Q. The electric wheelchair I’ve been using the last 10 years is beyond repair, and my vendor says replacement parts are unavailable. My need for the wheelchair is critical. I have multiple sclerosis, am partially paralyzed on one side of my body, can stand and walk short distances but no more than a few feet without assistance. Limited arm function on one side makes it impossible to push a manual wheelchair.
My previous wheelchair, apparently classified as complex rehab technology, provided tilt and recline functions and a joystick, so I stayed in the chair from morning until I went to bed at night, except for short periods. I could also transfer to my couch if I needed a major shift in position or rest.
Now I have learned that my level of disability does not allow me to have a chair with the same features. I have been “demoted” to a standard power wheelchair.
I am expected to rent this equipment and make payments on it for over a year before it is considered my property. If something happens to me and I am unable to make a payment, I worry that they would repossess the chair and leave me without a mobility device. With all of the changes in Medicare the past few years, I had hoped things would get better. The process of obtaining a replacement wheelchair has been extremely time consuming, frustrating and I still don’t understand the reasoning behind it. Can someone explain what is happening to the process and why? Renting wheelchairs seems like a very cumbersome process that is more costly to administer than dealing with purchases one time. What is behind all of this?
— Not walking, I need to roll
A. Congress mandated changes to Medicare policies regarding durable medical equipment, which includes your wheelchair, as part of a broader fraud prevention and cost saving measure. The Medicare insurance program has been the target for fraud and abuse for many years, especially involving three-wheeled scooters, which has resulted in billions of dollars of excess costs. Congress tasked the Centers for Medicare and Medicaid Services with new laws to devise programs for lowering costs and providing additional oversight. Those laws expanded and made permanent a cost-saving program (competitive bidding), which changed the amount Medicare will pay for certain DME, prosthetics, orthotics and supplies. Since CMS reported saving approximately $2 billion in the most recent reporting year for this program, competitive bidding may remain in place even though it is unpopular among vendors and many end users.
You have several options if you are dissatisfied with what is happening in regard to your next wheelchair. The first step before ordering the chair requires a prescription from your physician, followed by a joint evaluation with an assistive technology professional and a qualified therapist. That team has fairly strict guidelines regarding eligibility, based solely on your capabilities and disability type. If you disagree with their findings, you can request a secondary evaluation in hopes of getting upgraded to a CRT wheelchair. This must be done prior to ordering.
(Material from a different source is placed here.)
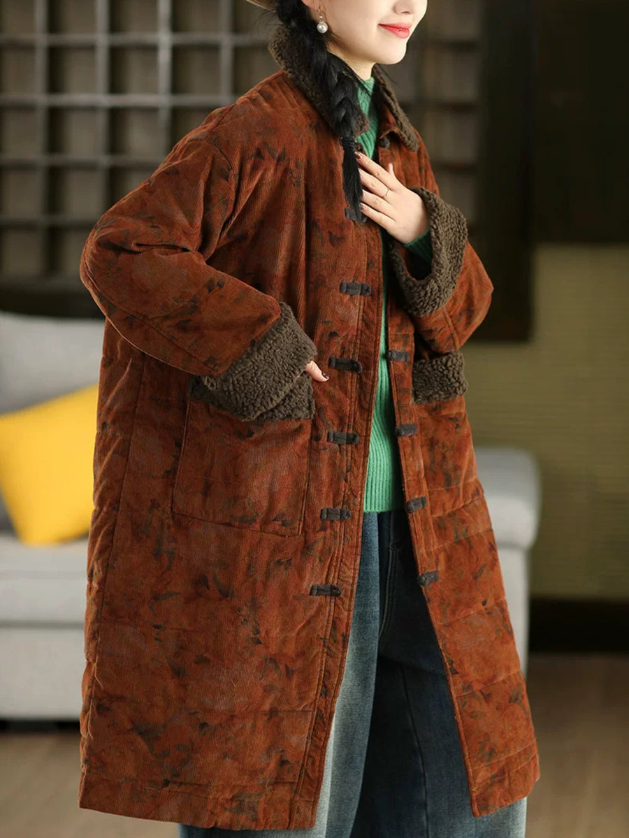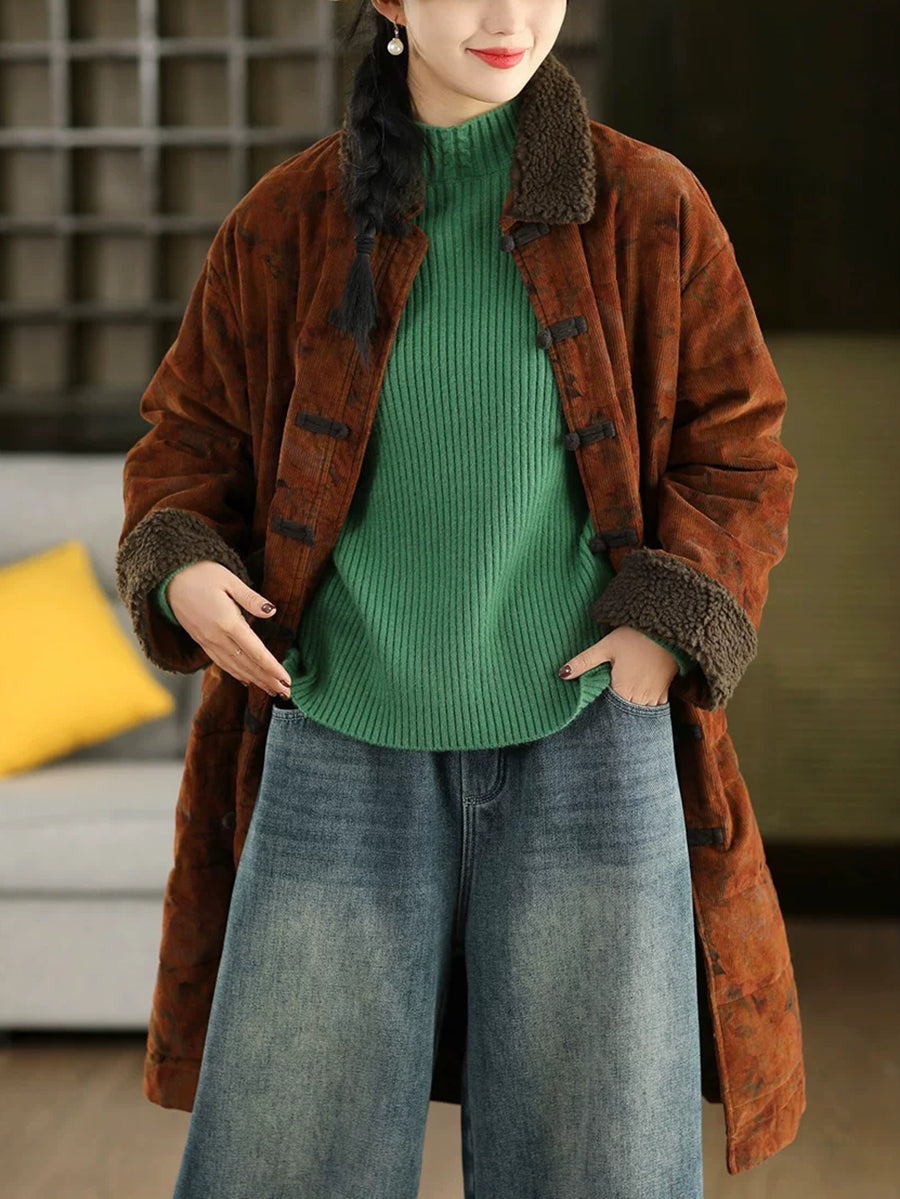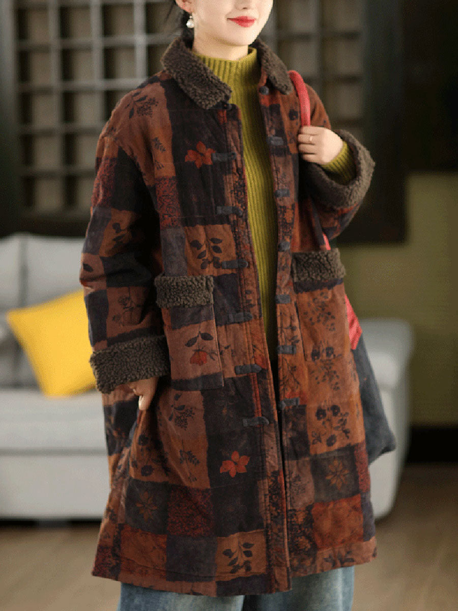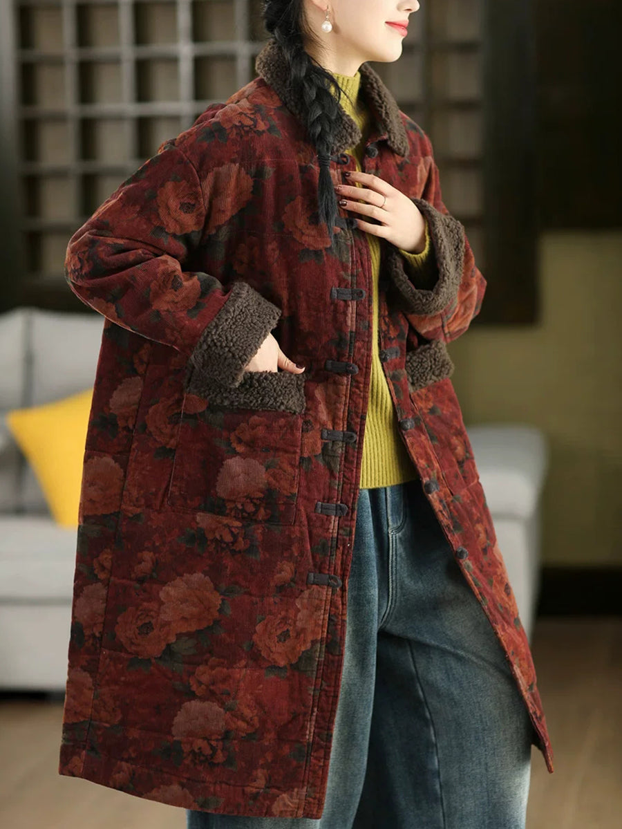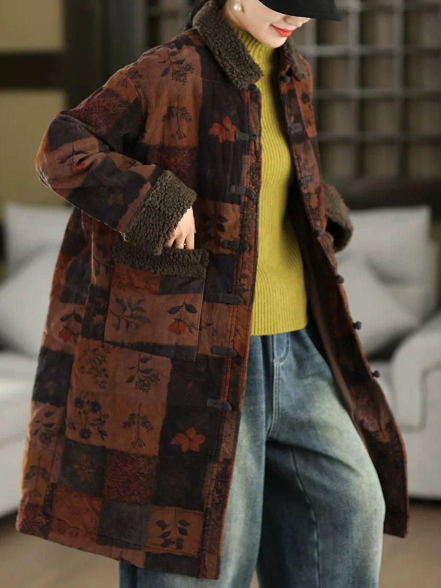 Dámský zimní retro květinový fleecový manšestrový kabát

Be sure that your request is extremely detailed. Additional correspondence from physicians familiar with your specific disability should be included if they agree that you need more complex equipment. Remember, Medicare still pays only for equipment meant to be used “in the home” (many advocates believe this is an arcane regulation that needs to be changed).
Renting your manual or standard electric wheelchair is just one option. Your supplier should also give you the opportunity to purchase outright with a 20 percent copayment as in the past. After paying, you own the wheelchair and will be responsible for paying coinsurance for any maintenance on it. If you decide to rent to purchase, that down payment would be broken into 13 installments that would be paid monthly; the first three payments would be slightly higher than the last 10. During that time any repairs or maintenance of the equipment would be the responsibility of the supplier. You would own the wheelchair after 13 months.
Each individual has unique needs, so it is important to get specific answers before proceeding rather than relying solely on this general information. The Medicare website lists participating vendors in your region. You should follow up with them to discuss all options.
Fraud has been reduced and savings realized. But the complexity associated with additional paperwork requirements and scrutiny of each DME purchase has created a cumbersome and flawed system for end users. Congress is still considering additional items to include in competitive bidding, which will create even more paperwork for vendors at a time when their reimbursement rates have been reduced and large numbers of vendors have already been driven out of business.
It is important to contact your congressional representatives if you are concerned that this program is not working properly.